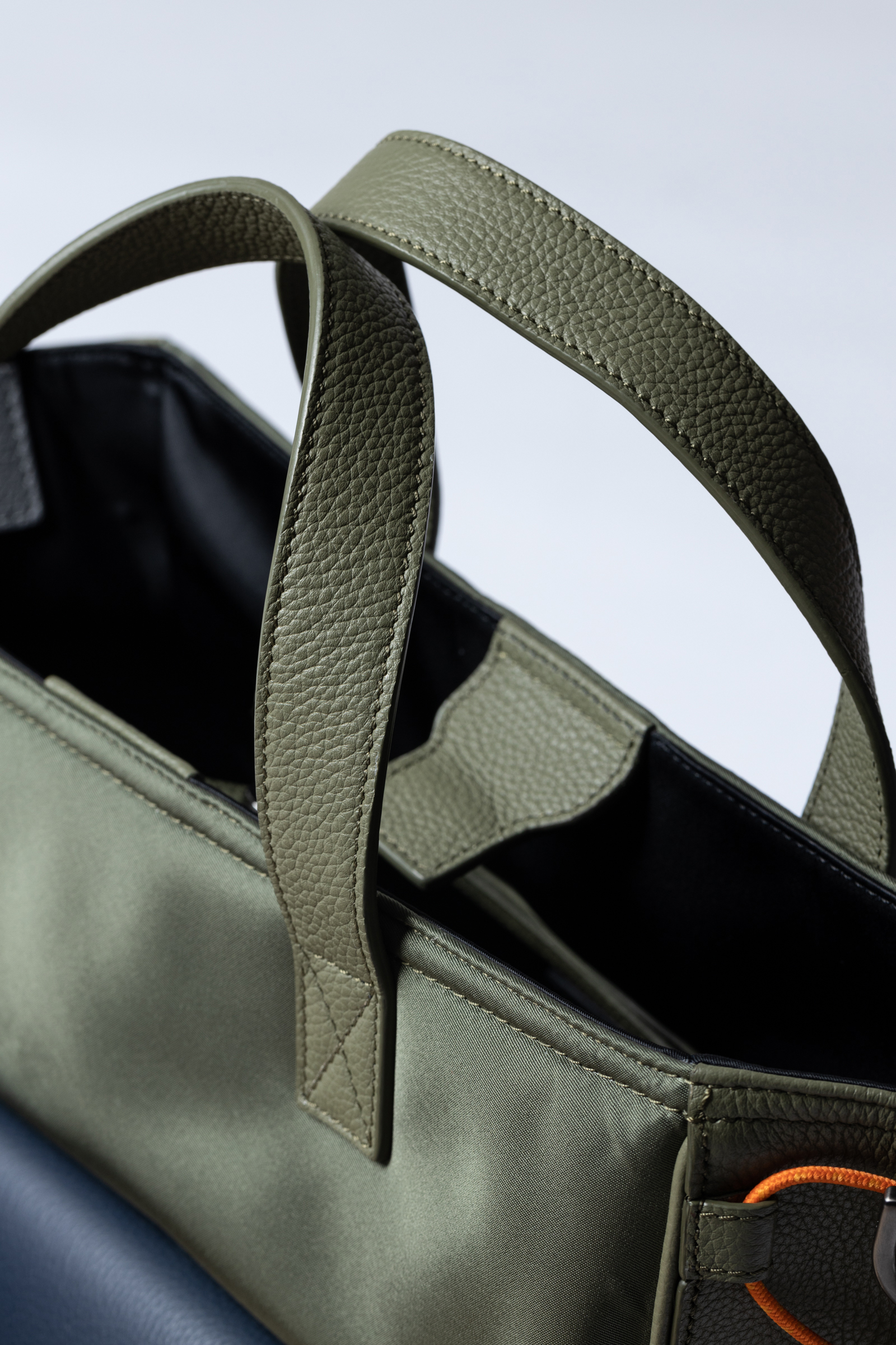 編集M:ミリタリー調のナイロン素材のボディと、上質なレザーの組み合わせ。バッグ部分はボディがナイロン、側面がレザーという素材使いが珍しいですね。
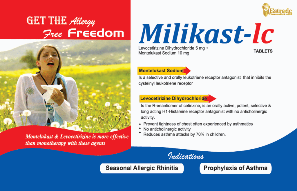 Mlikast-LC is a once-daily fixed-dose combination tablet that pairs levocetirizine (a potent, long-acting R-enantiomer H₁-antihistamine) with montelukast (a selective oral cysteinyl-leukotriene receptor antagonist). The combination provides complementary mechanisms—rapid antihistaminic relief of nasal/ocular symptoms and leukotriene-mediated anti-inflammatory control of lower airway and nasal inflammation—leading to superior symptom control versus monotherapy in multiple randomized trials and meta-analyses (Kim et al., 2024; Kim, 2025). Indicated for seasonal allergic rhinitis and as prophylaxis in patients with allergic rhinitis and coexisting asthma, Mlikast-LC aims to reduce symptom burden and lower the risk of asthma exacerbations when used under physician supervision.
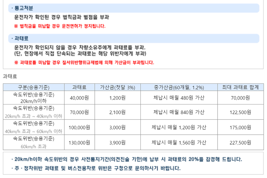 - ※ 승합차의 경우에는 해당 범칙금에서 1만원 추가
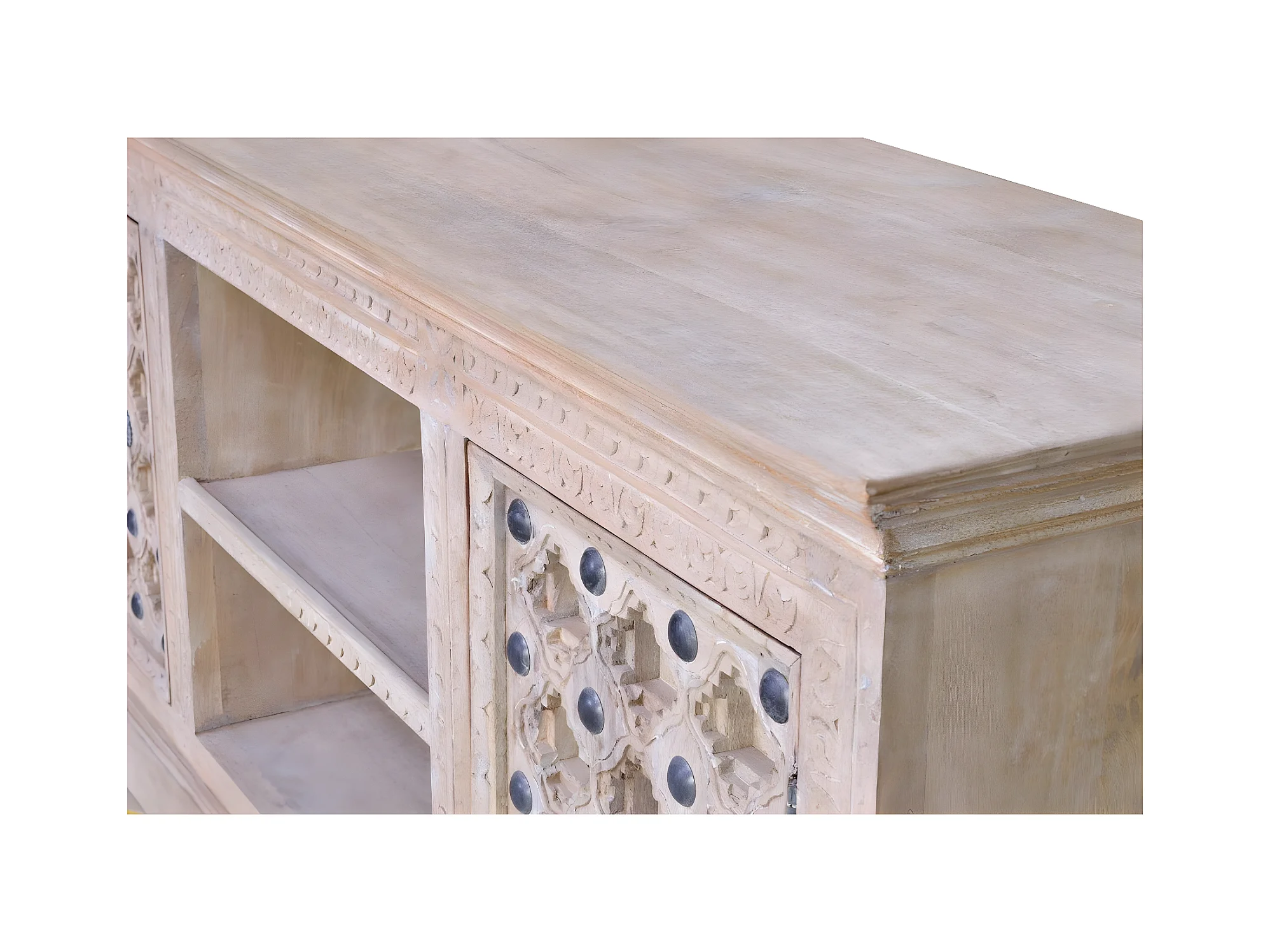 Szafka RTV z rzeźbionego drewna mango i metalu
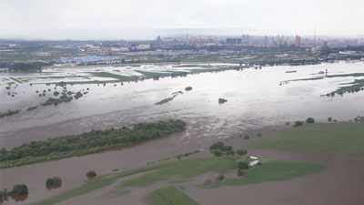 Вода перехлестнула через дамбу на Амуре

• **Work order**
Only the lines from the one containing "Szafka RTV z" through the last line of the material are to be restated word for word; no picture is to be included.

• **Reply**
 Szafka RTV z rzeźbionego drewna mango i metalu
 Вода перехлестнула через дамбу на Амуре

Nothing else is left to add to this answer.